[Stored data]

= = = = =

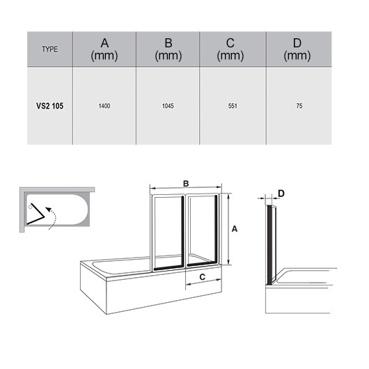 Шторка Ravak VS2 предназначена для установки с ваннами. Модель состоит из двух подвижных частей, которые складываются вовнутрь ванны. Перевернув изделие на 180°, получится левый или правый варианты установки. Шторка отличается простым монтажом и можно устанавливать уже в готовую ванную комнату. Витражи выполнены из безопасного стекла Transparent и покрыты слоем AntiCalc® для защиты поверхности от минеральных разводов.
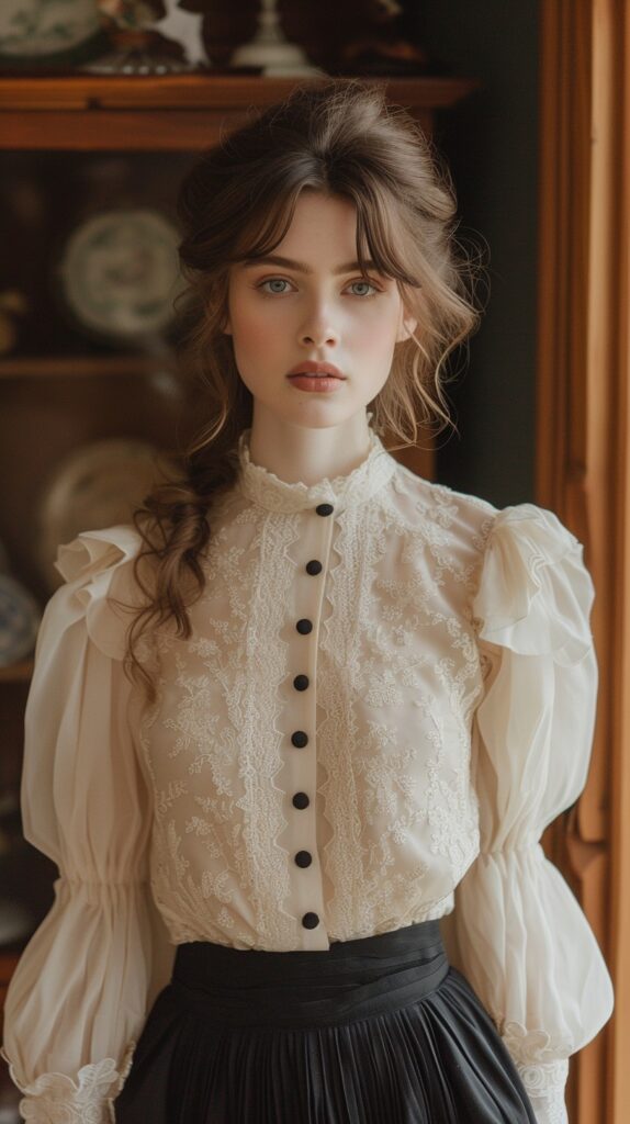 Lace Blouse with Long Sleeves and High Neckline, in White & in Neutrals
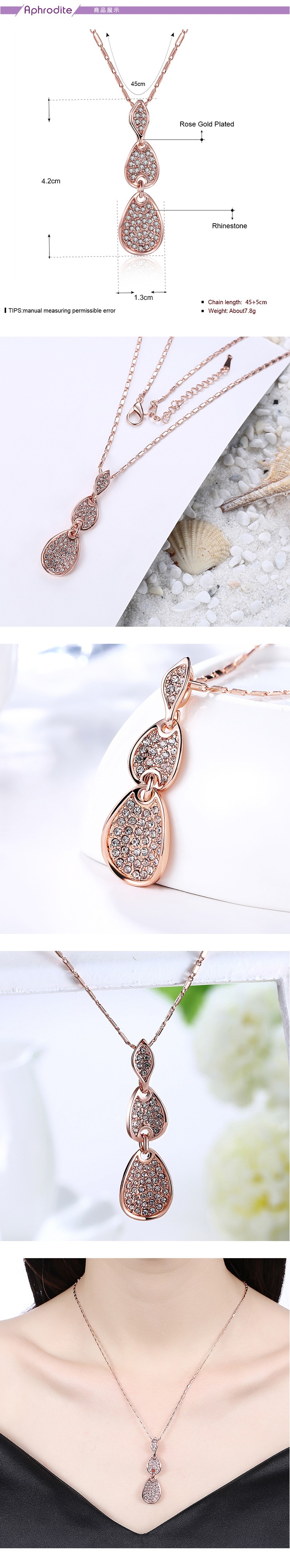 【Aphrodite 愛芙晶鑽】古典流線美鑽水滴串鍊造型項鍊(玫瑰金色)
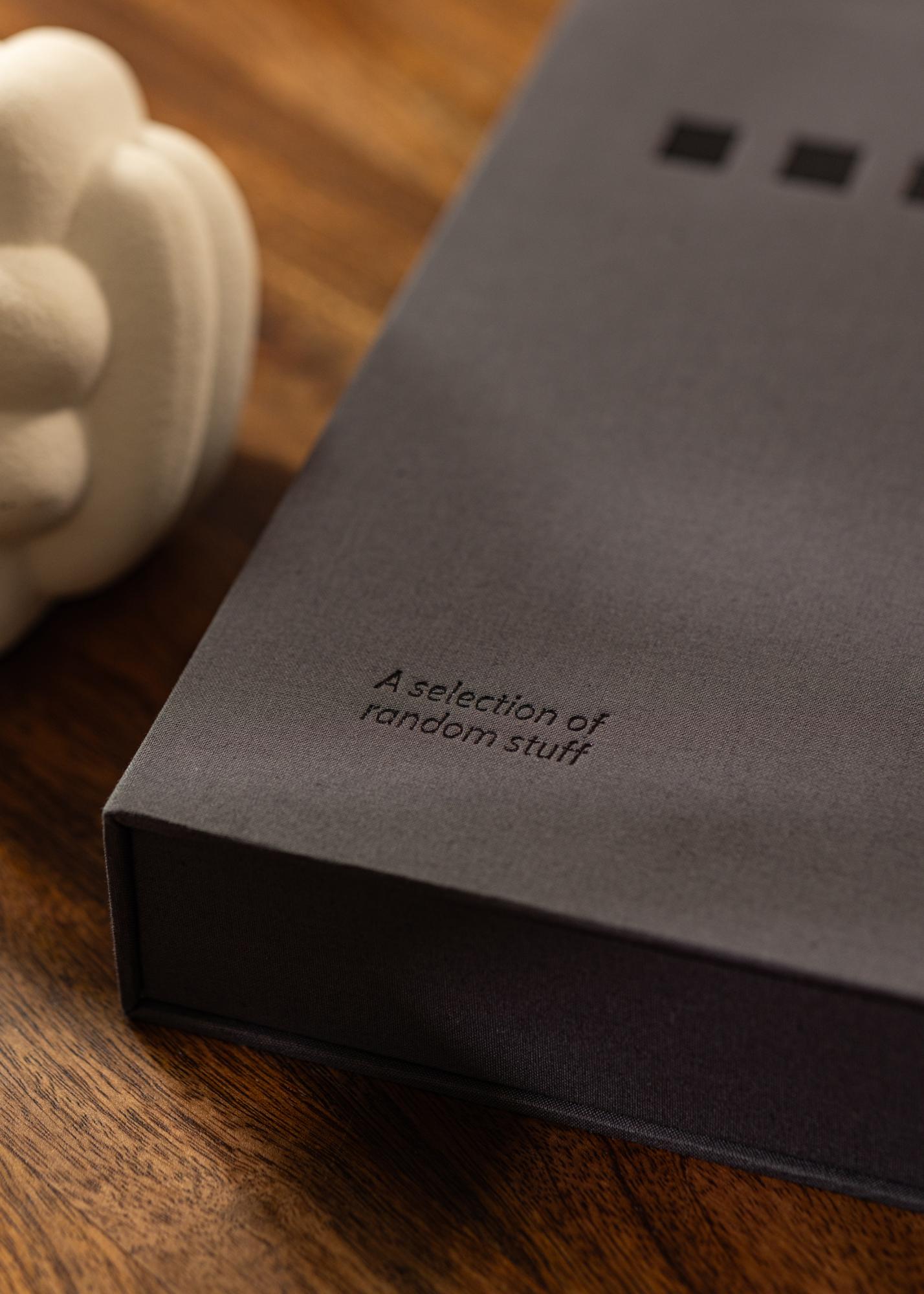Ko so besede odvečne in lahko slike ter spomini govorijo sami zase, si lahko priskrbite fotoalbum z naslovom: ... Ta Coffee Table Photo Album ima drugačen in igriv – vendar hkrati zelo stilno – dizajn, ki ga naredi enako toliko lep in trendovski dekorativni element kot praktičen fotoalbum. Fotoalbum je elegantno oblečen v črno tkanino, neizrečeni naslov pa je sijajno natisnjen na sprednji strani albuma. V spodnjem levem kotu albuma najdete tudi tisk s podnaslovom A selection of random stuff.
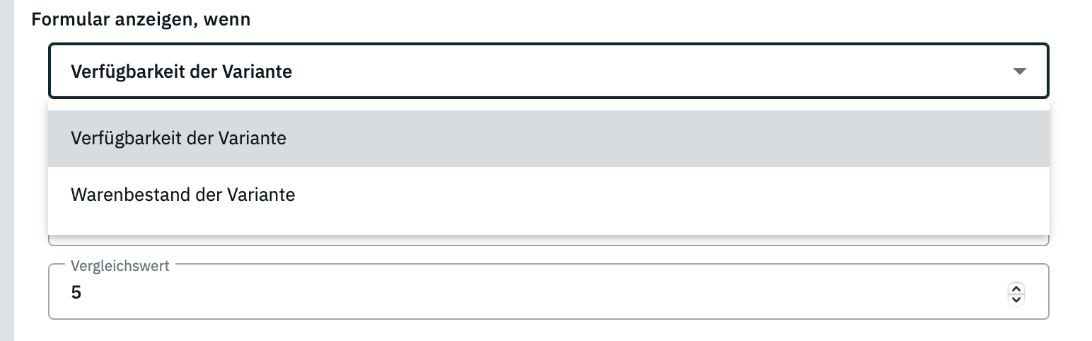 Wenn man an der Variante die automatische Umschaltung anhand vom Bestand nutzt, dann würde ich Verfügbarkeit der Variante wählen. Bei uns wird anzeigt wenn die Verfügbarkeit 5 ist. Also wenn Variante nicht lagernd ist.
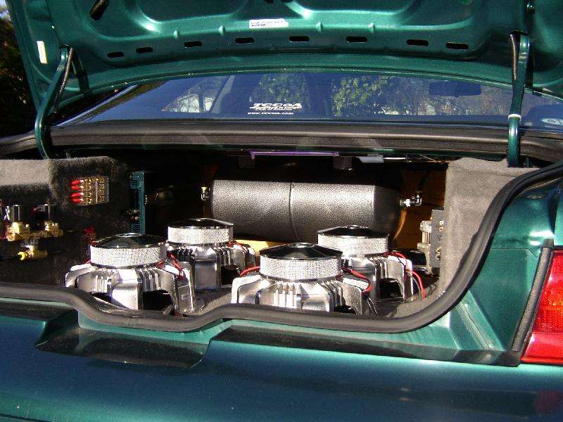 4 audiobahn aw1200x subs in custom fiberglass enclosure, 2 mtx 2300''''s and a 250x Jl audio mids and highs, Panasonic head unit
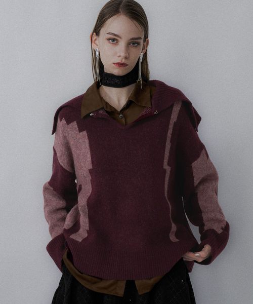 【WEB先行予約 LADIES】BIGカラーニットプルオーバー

= = = = =

Task brief: Reproduce the lines above exactly, image-free.

Result:
 Шторка Ravak VS2 предназначена для установки с ваннами. Модель состоит из двух подвижных частей, которые складываются вовнутрь ванны. Перевернув изделие на 180°, получится левый или правый варианты установки. Шторка отличается простым монтажом и можно устанавливать уже в готовую ванную комнату. Витражи выполнены из безопасного стекла Transparent и покрыты слоем AntiCalc® для защиты поверхности от минеральных разводов.
 Lace Blouse with Long Sleeves and High Neckline, in White & in Neutrals
 【Aphrodite 愛芙晶鑽】古典流線美鑽水滴串鍊造型項鍊(玫瑰金色)
Ko so besede odvečne in lahko slike ter spomini govorijo sami zase, si lahko priskrbite fotoalbum z naslovom: ... Ta Coffee Table Photo Album ima drugačen in igriv – vendar hkrati zelo stilno – dizajn, ki ga naredi enako toliko lep in trendovski dekorativni element kot praktičen fotoalbum. Fotoalbum je elegantno oblečen v črno tkanino, neizrečeni naslov pa je sijajno natisnjen na sprednji strani albuma. V spodnjem levem kotu albuma najdete tudi tisk s podnaslovom A selection of random stuff.
 Wenn man an der Variante die automatische Umschaltung anhand vom Bestand nutzt, dann würde ich Verfügbarkeit der Variante wählen. Bei uns wird anzeigt wenn die Verfügbarkeit 5 ist. Also wenn Variante nicht lagernd ist.
 4 audiobahn aw1200x subs in custom fiberglass enclosure, 2 mtx 2300''''s and a 250x Jl audio mids and highs, Panasonic head unit
 【WEB先行予約 LADIES】BIGカラーニットプルオーバー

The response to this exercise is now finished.